Esterhammer uses broad strokes to depict the ultimate downfall of the improviser into a literary figure who disturbs the bourgeois-capitalist order. She offers us a pan-European panorama of the improviser as what she calls a “social agent”—a person on the margins of society (the transient, the cross-dresser, the crook who charms listeners for profit, etc.)—whose presence evokes anxieties about gender and class identity, genuineness, and the commercialization of art. This “extremely synoptic” approach, as Esterhammer calls it, is convincing, though it sacrifices opportunities for analytic rigor in favor of coverage (220). Chapters eight and nine read much like bibliographic catalogues of improvisers in literature, and the successive recounting of improviser story plots is fatiguing and not especially compelling as an argumentative strategy. Esterhammer hangs this story of downfall (what she calls “the improvisational turn”) on the theoretical apparatus of improvisation as a practice of everyday life in the social anthropology of Pierre Bourdieu and Michel de Certeau. In drawing a parallel between the improvisational social tactics of the nineteenth-century social agent and those of the postmodern bricoleur, Esterhammer infers that there must be “an on-going concern with the extent to which a healthy social order can tolerate, and the extent to which it requires unpredictability and spontaneous response” (171). This seems to be a very conservative conclusion to a most interesting and provocative comparison; if the late-Romantic literary depiction of the transgressive improviser indeed “foreshadow[s]” postmodern theory of everyday social practices, what can we deduce about the similar constructions of subjectivity in these two extremely different moments in time?
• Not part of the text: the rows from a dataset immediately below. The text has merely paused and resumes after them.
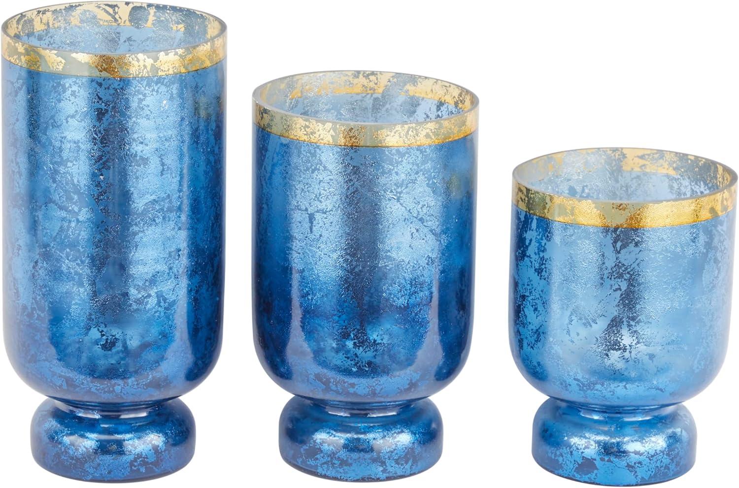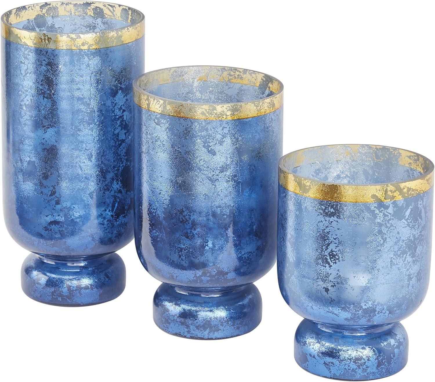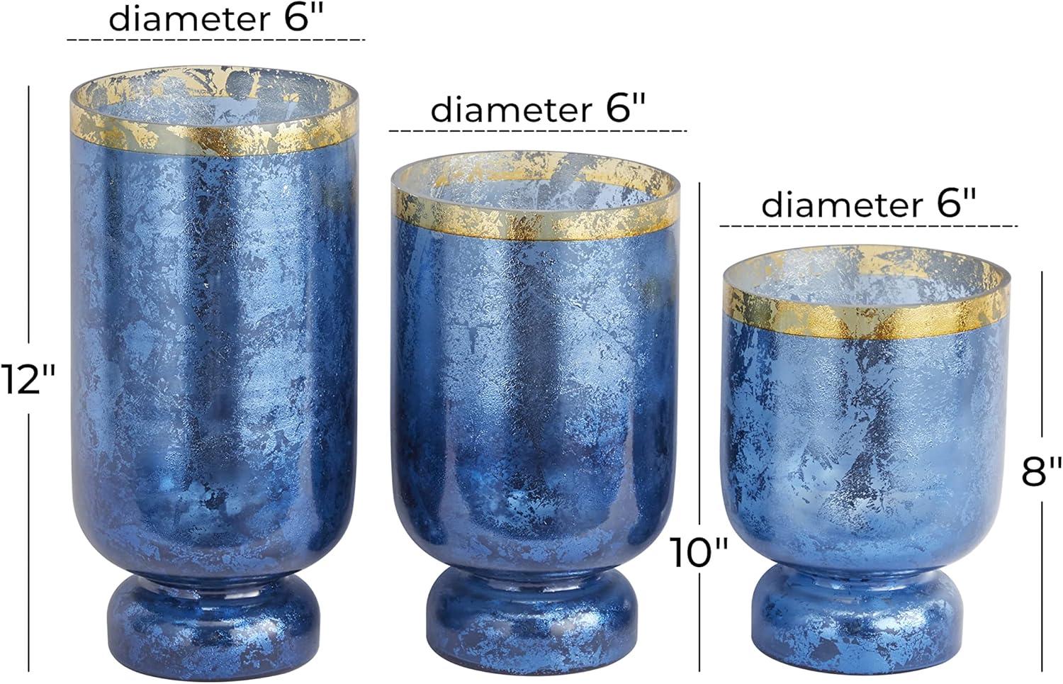 3 PIECES SMALL SIZE Each blue glass hurricane lamp measures 5.85L x 5.95W x 11.95H , 5.95L x 5.95W x 10.15H, 5.95L x 5.95W x 8.10H inches, and collectively weighs 7.07 lbs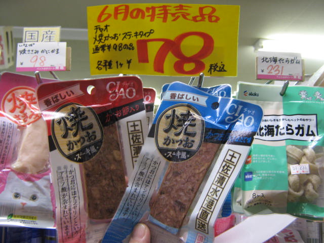ネコちゃんのおやつ!大ヒット新商品!! 「焼かつお ステーキ風」!! 特価!! ¥78!!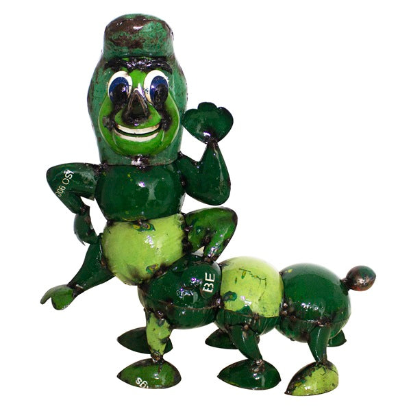 Casey the Caterpillar, a captivating sculpture that will add a touch of whimsy to your home and garden decor. This unique piece, designed by Aaron Jackson, draws inspiration from the famous fairytale Wonderland. Crafted by hand using recycled materials, Casey showcases a green caterpillar shape with a friendly wave of its hand. With its intricate details and vibrant colors, this statue is a must-have for any art lover.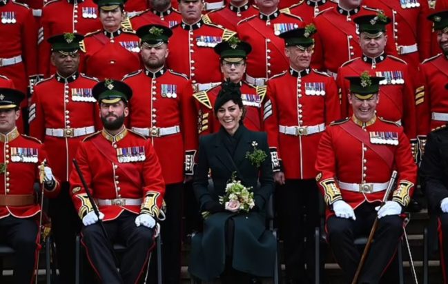 Η Κέιτ, η οποία είναι συνταγματάρχης του Ιρλανδικού Συντάγματος των Φρουρών, έχασε την ετήσια εκδήλωση της φρουράς πέρυσι, καθώς υποβαλλόταν σε θεραπεία για καρκίνο. Αλλά η Κέιτ, η οποία επιστρέφει σταδιακά στα δημόσια καθήκοντα, σήμερα ήταν παρούσα, φορώντας ένα πράσινο φόρεμα με παλτό Alexander McQueen.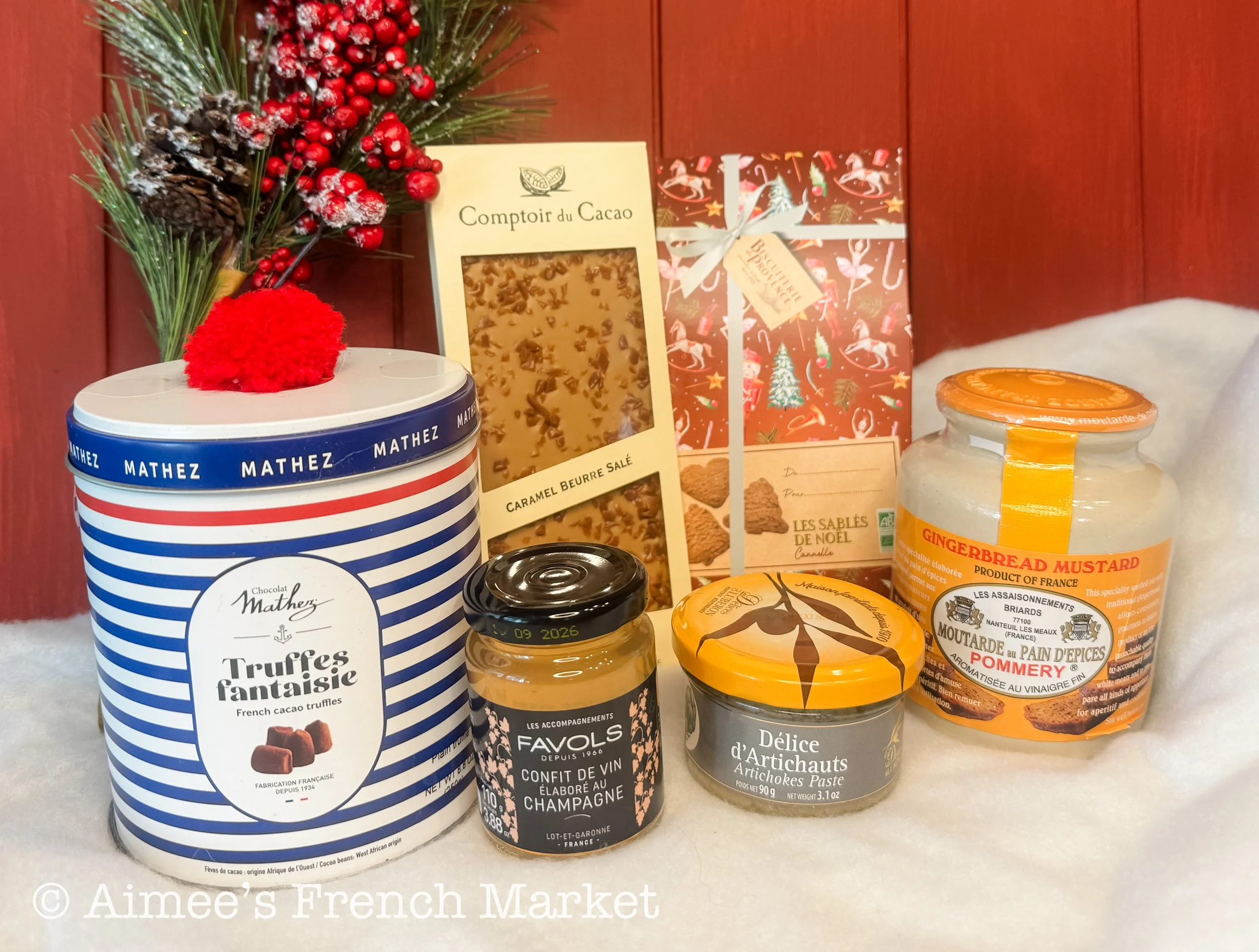 Your 2025 Gourmet Holiday box is back and bigger and better than ever! Six new items, all full size, in the box. And all hand-chosen and made in France. This would make a great gift for someone else or yourself.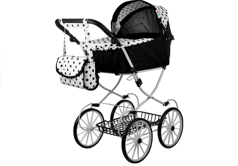 Czarno-biały retro wózek posiada ozdobny detal, jakim są groszkami w kontrastującym kolorze, umieszczone między innymi na daszku, pokrywie gondoli czy torbie — co dodaje mu dużego uroku. Retro wózeczek z pewnością zainteresuje i zachęci do zabawy każdą małą opiekunkę — gwarantują to wymiary dopasowane do przeciętnego wzrostu kilkuletnich dziewczynek, a także wzornictwo inspirowane budową prawdziwych wózków dla dzieci. Co istotne — prezentowany retro model może rosnąć razem z dzieckiem, ponieważ posiada rączkę z możliwością regulowania jej wysokości. Wózek będzie odpowiedni dla wszystkich lalek i zabawek o maksymalnej długości 69 cm — duże wymiary gondoli z łatwością pomieszczą kilku zabawkowych pasażerów.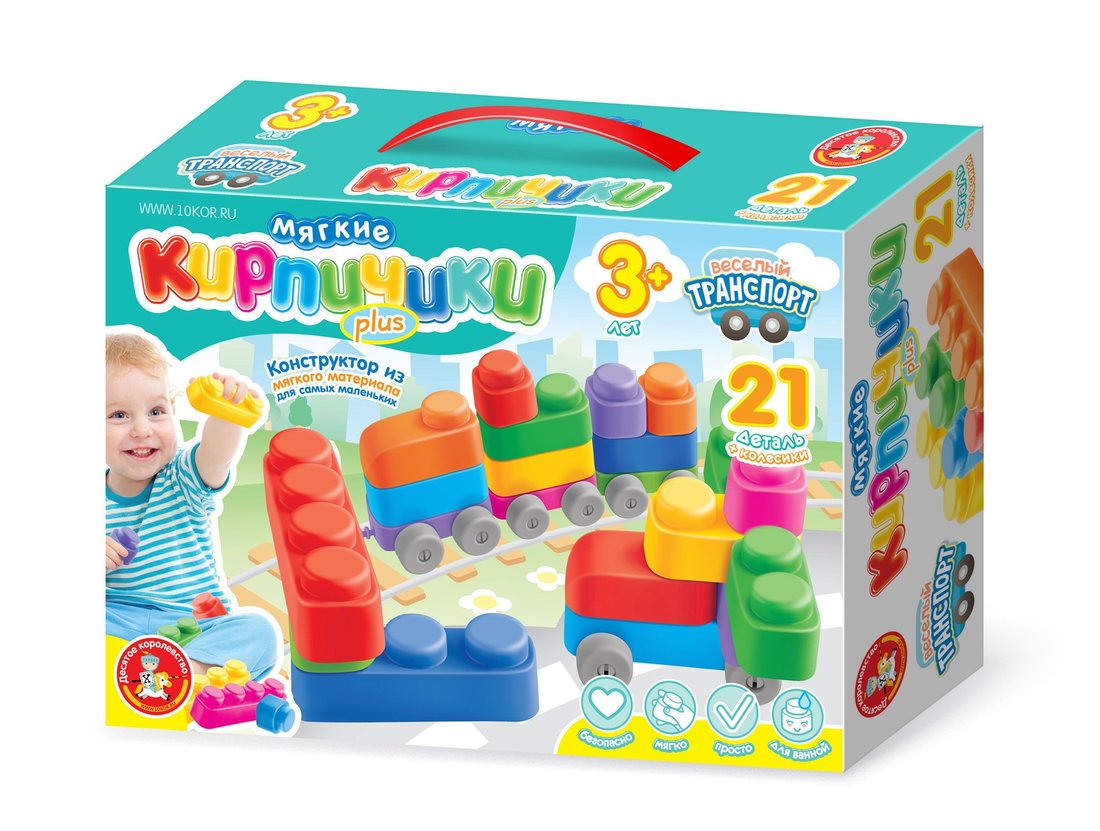Конструктор "Мягкие кирпичики plus. Веселый транспорт" 21 дет+колесики

In Romanticism and Improvisation, 1750-1850, Angela Esterhammer writes an important history that demonstrates elegantly the extent to which the reception of improvisers in Northern Europe tells a story about the evolution of Romantic ideology. In today’s world, art is imported, exported, and copied so frequently and often so grossly that the traffic of culture between countries seems evacuated of any social meaning besides the business of making money. Esterhammer’s thoughtful and comprehensive study keys into something special and unique about a time in the past when one culture profoundly responded to and defined itself in relation with the art of a foreign country.
Lauren Fortner Ravalico is Visiting Assistant Professor of French at The Ohio State University. She recently completed a Ph.D. dissertation on representations of listening and the construction of receptive agency in the work of Germaine de Staël and George Sand (Harvard University, 2011). She has articles forthcoming on the poetics and politics of non-verbal communication in French Romantic writing.